I did not mention liquor. You can buy a bottle for £5 across the Border and it costs £13 here. At home people might not think of buying liquor but, when they are across the Border they realise it is a bargain and they buy it. This replaces sales which might have been made here and the Government lose the revenue. The parties and weddings and functions which used to come streaming across the Border are now drying up and the reverse trend has started. I do not blame anyone for that. It pays to do it. Our attractions are not sufficient any more when set against the additional costs of functions here.

People used to be attracted to come here because it was more peaceful. They wanted to get away from the problems and the troubles of their own. They are no longer coming here. In spite of the difficulties of cross-Border travel, our people are going across for functions and weddings. A grim picture has begun to emerge which gives no hope for the survival of any business within 40 or 50 miles of the Border. Whatever other protests there may be, the Government should have a look at this problem. It is the most urgent and most vital of all of them.
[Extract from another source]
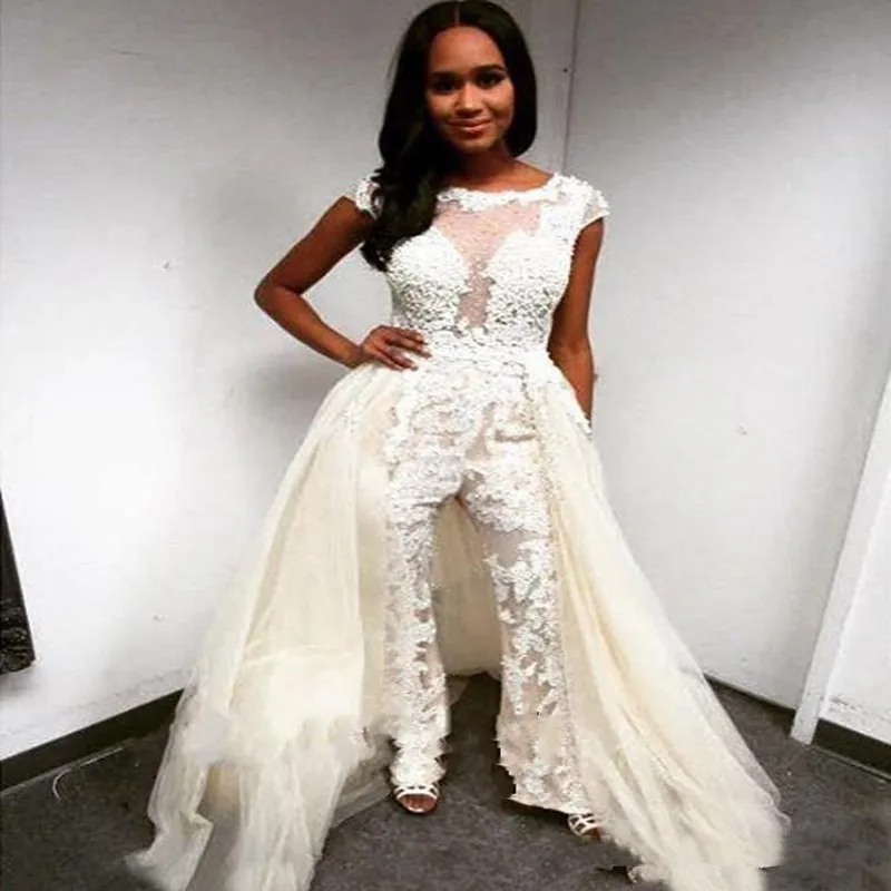 Свадебный комбинезон со шлейфом, кружевное шифоновое винтажное пляж...

No matter what may be said about workers on PAYE, this problem comes out at the top.

The only way out is a reduction in tax. It is up to the Government. They were warned about it before they imposed these taxes which were well telegraphed. They did not take note of those warnings. I hope they do so soon. If they allow the situation to continue the remedy will not work because the commercial life of the region south of that artificial Border will be destroyed.

Much more could be said but I cannot overrun my time at 7 p.m. as many other speakers have done. However, I must admit that the last speaker did not do that. I ask the Government to look again at the petrol and oil tax above all other taxes. In addition, they should give work to those people who are idle and who are being paid money which the taxpayers find impossible to provide. People should be given work to do so that they, too, can pay tax and thus ease the burden on the rest. In this way the Government will get the revenue they need so badly and which they must have.